MATERIAL FOR THE TASK
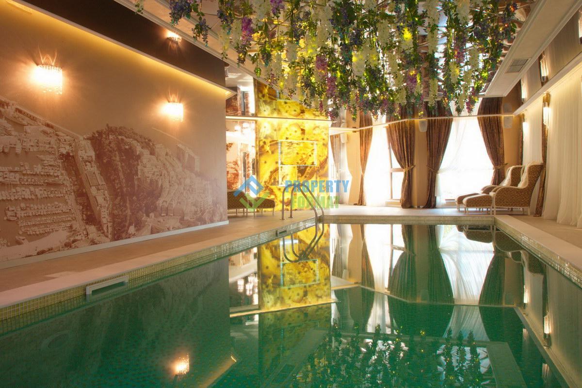 Luxury complex consists of two buildings connected by a graceful arch. Architectural decision made in a special rare style of Monte Carlo, which distinguishes the complex among other buildings. Well landscaped grounds with a large swimming pool, hammocks, gazebos, fountains, mini water Park for children, Spa centre, restaurant, billiard room – all features and not only.
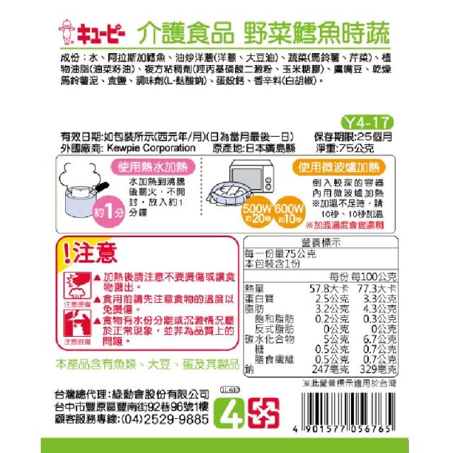 艾護康 雅膳誼 KewpieY4-17 好吞嚥 野菜鱈魚時蔬 介護食 75g/包 流質食品 老人粥 老人食品 即食粥
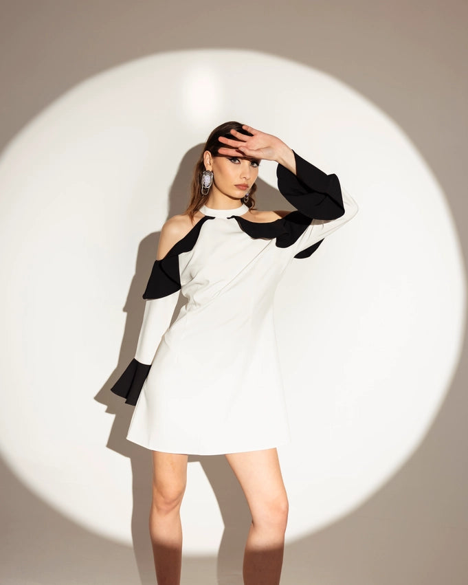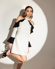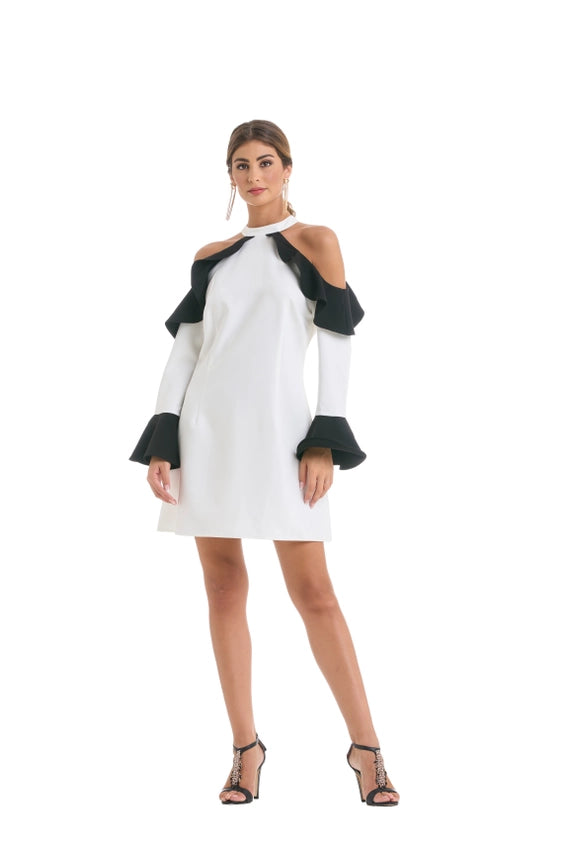 Expertly crafted in Italy, this short dress combines style and comfort. The cut-out shoulders and American neckline exude sophistication, while the contrasting ruffles add a touch of playfulness. Perfect for any occasion, from daytime events to glamorous parties. Made with 96% polyester and 4% spandex for a comfortable and flattering fit.
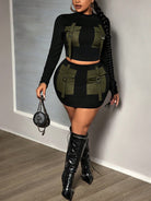 Slaydiva 2pcs/Set Plus Size Women Street Style Multi-Pocket Long Sleeve Top And Bodycon Midi Skirt Set
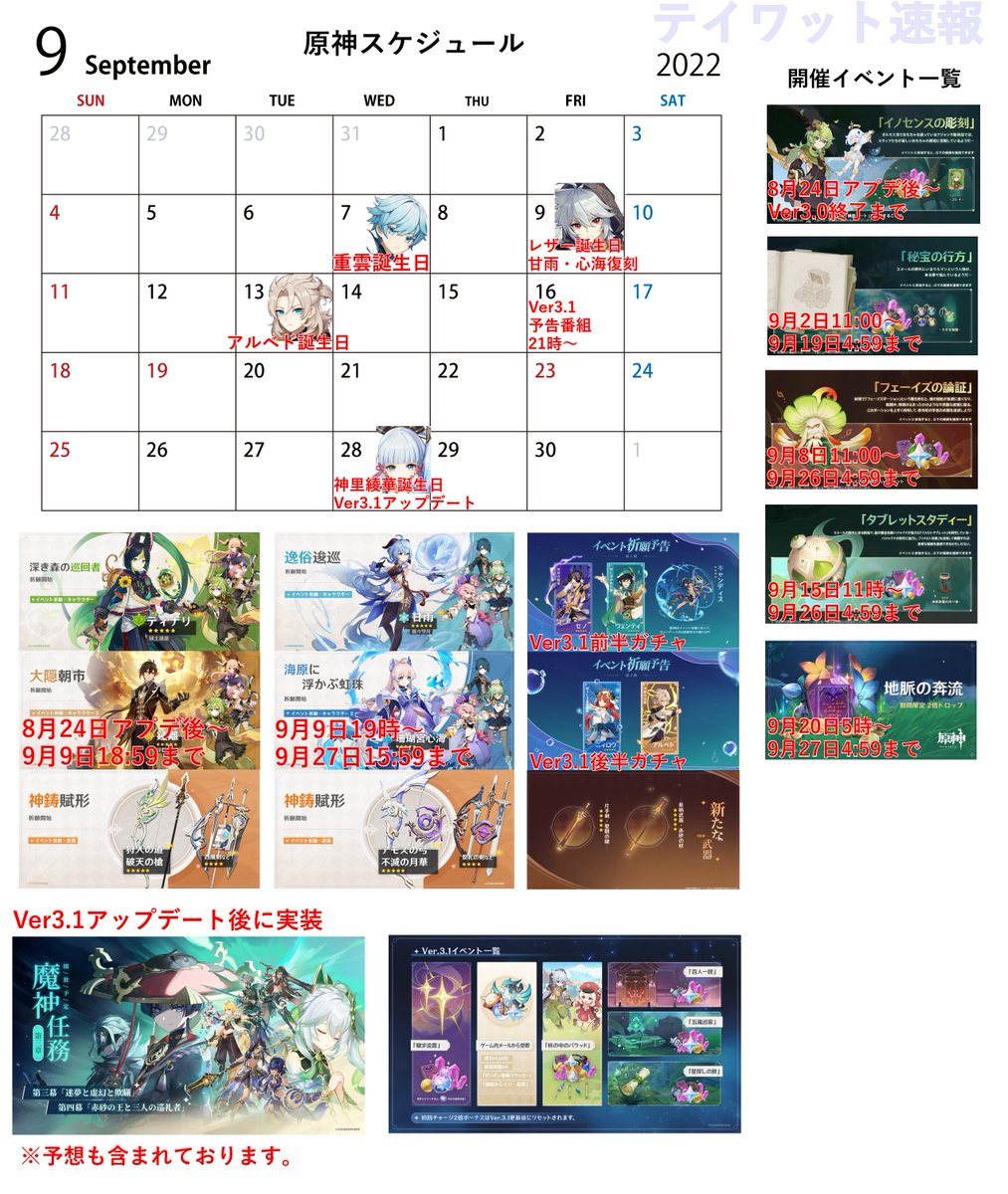 9月の原神スケジュールを更新しました!
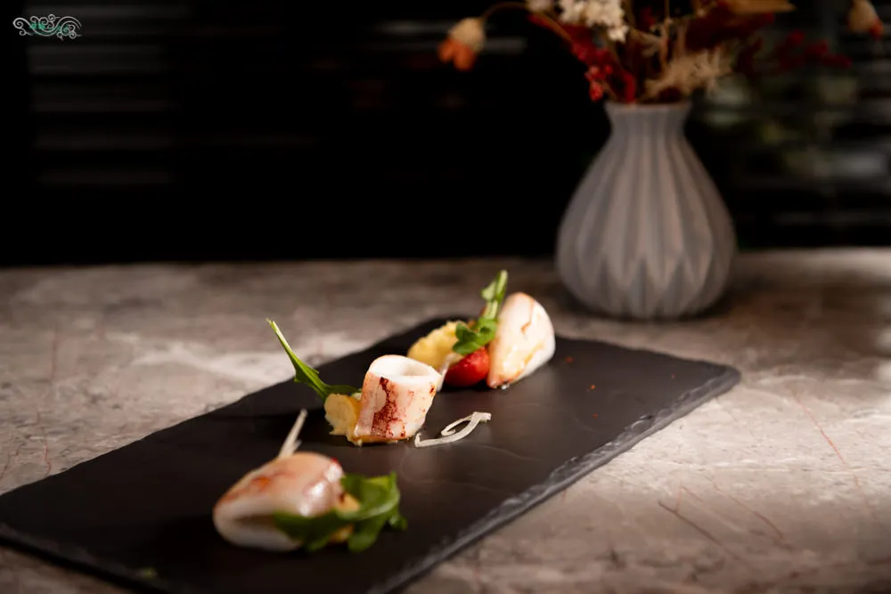 很Q且略帶咬勁的花枝,混著風乾番茄與芝麻葉提味,兼具清淡檸檬香氣與涼爽甘草氣息的茴香頭,讓豐盈的海味在嘴裡轉化為無比歡愉的舌尖感受,細緻滑順的鷹嘴豆泥將整體滋味淬鍊成獨一無二的浪潮美味。
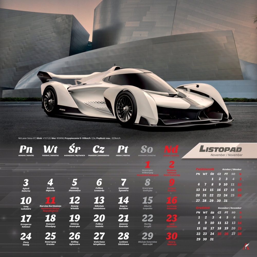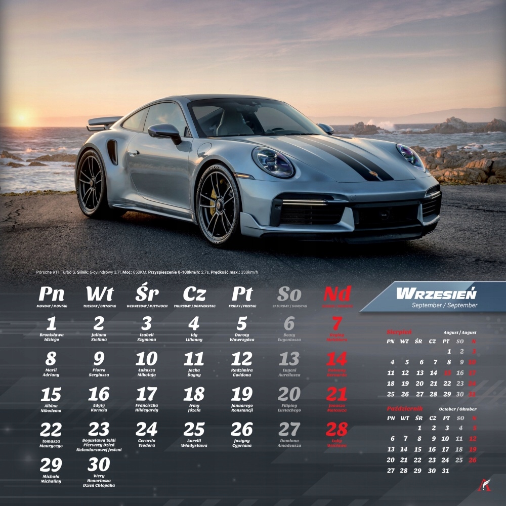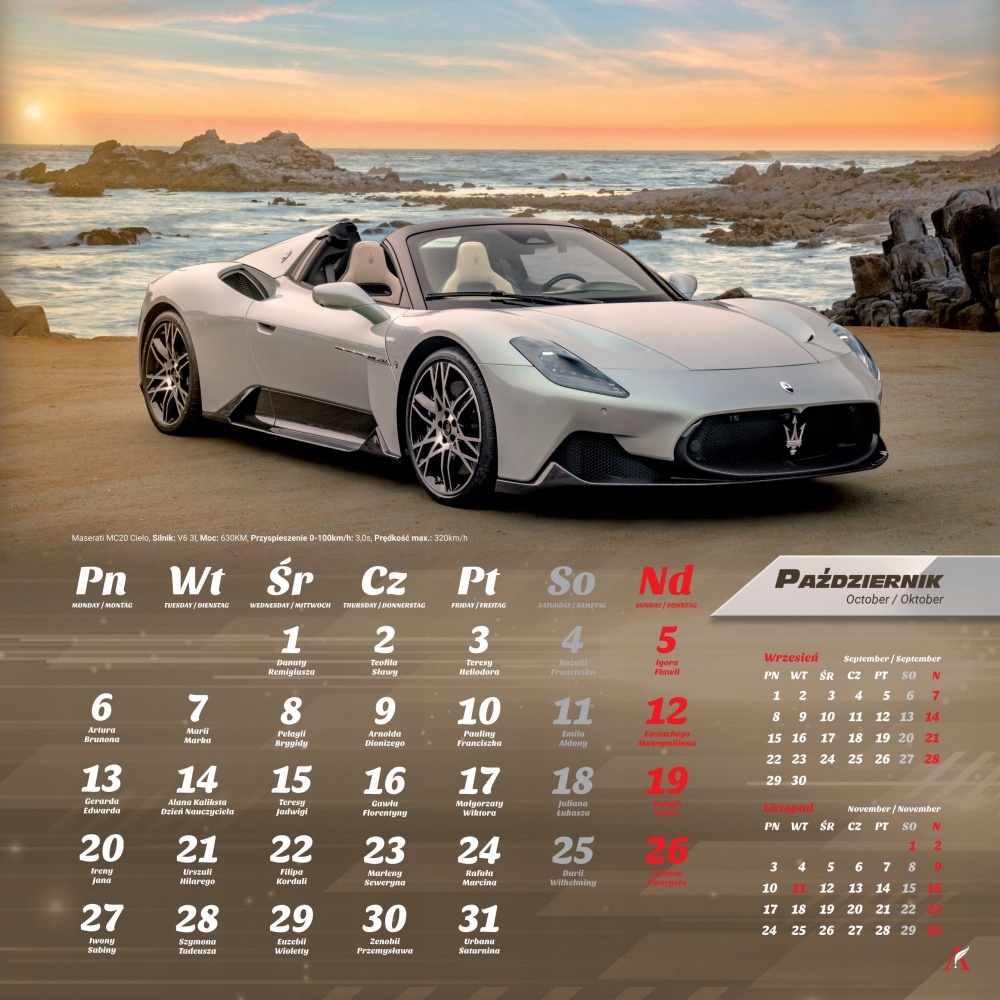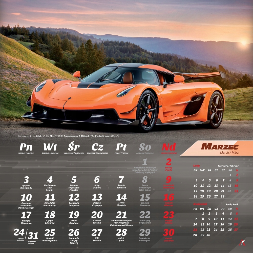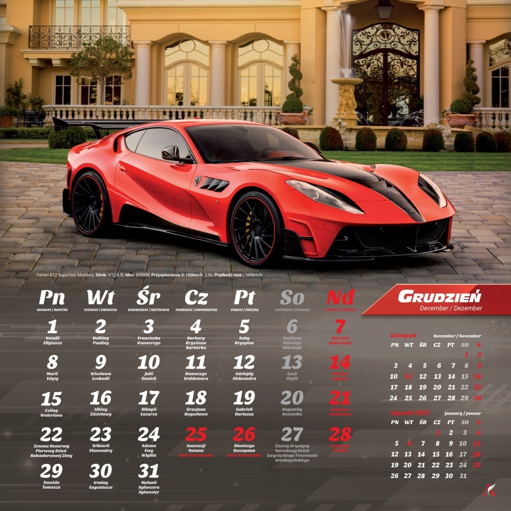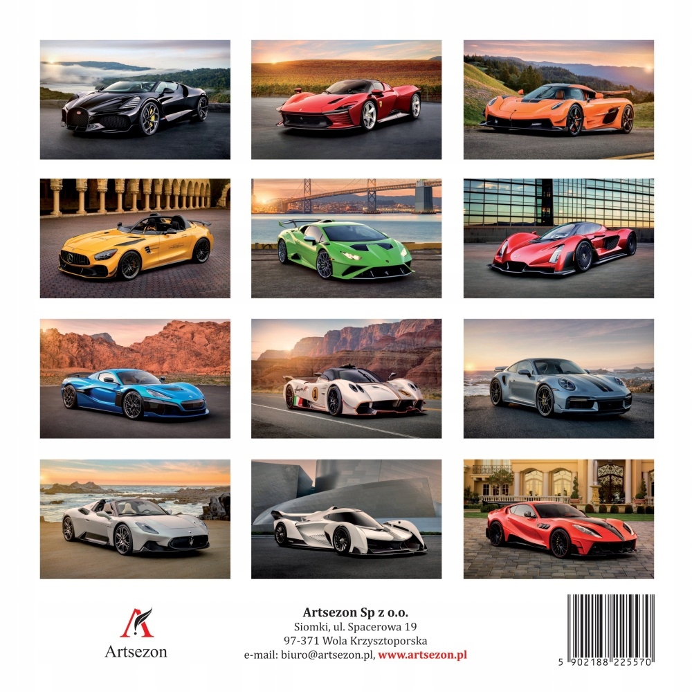 KALENDARZ ŚCIENNY WIELOPLANSZOWY 2025 33x33 CM SAMOCHODY SPORTOWE
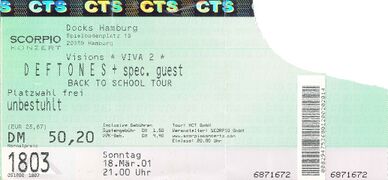 - A review for this show says that Linkin Park won over the crowd and made it appear like it was a homecoming for them since they were so well received in Germany. Deftones had a lot of problems during their set - Chino was very drunk, his guitar wouldn't work and he had a roadie tying his shoes for him. Stefan and Chi were arguing over the setlist mid-show and due to Chi and Chino laying on the ground, Abe left the stage twice before the show was over.
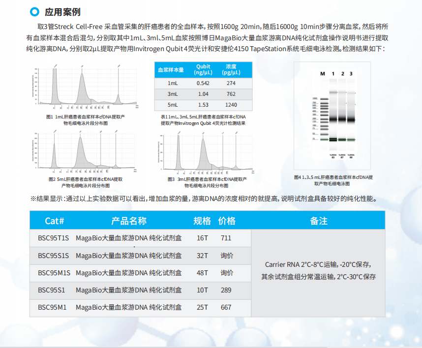 熒光定量PCR、基因測(cè)序(例如無(wú)創(chuàng)產(chǎn)前基因檢測(cè)、腫瘤檢測(cè))、文庫(kù)構(gòu)建等。試劑盒采用獨(dú)特的裂解液配方和磁珠分離純化技

PROBLEM TO WORK ON
Reproduce exactly, and only, the lines from the one holding "很Q且略帶咬勁的花枝,混著風" through the final line of the entries. Do not include the pictures.

WRITTEN REPLY
 很Q且略帶咬勁的花枝,混著風乾番茄與芝麻葉提味,兼具清淡檸檬香氣與涼爽甘草氣息的茴香頭,讓豐盈的海味在嘴裡轉化為無比歡愉的舌尖感受,細緻滑順的鷹嘴豆泥將整體滋味淬鍊成獨一無二的浪潮美味。
 KALENDARZ ŚCIENNY WIELOPLANSZOWY 2025 33x33 CM SAMOCHODY SPORTOWE
 - A review for this show says that Linkin Park won over the crowd and made it appear like it was a homecoming for them since they were so well received in Germany. Deftones had a lot of problems during their set - Chino was very drunk, his guitar wouldn't work and he had a roadie tying his shoes for him. Stefan and Chi were arguing over the setlist mid-show and due to Chi and Chino laying on the ground, Abe left the stage twice before the show was over.
 熒光定量PCR、基因測(cè)序(例如無(wú)創(chuàng)產(chǎn)前基因檢測(cè)、腫瘤檢測(cè))、文庫(kù)構(gòu)建等。試劑盒采用獨(dú)特的裂解液配方和磁珠分離純化技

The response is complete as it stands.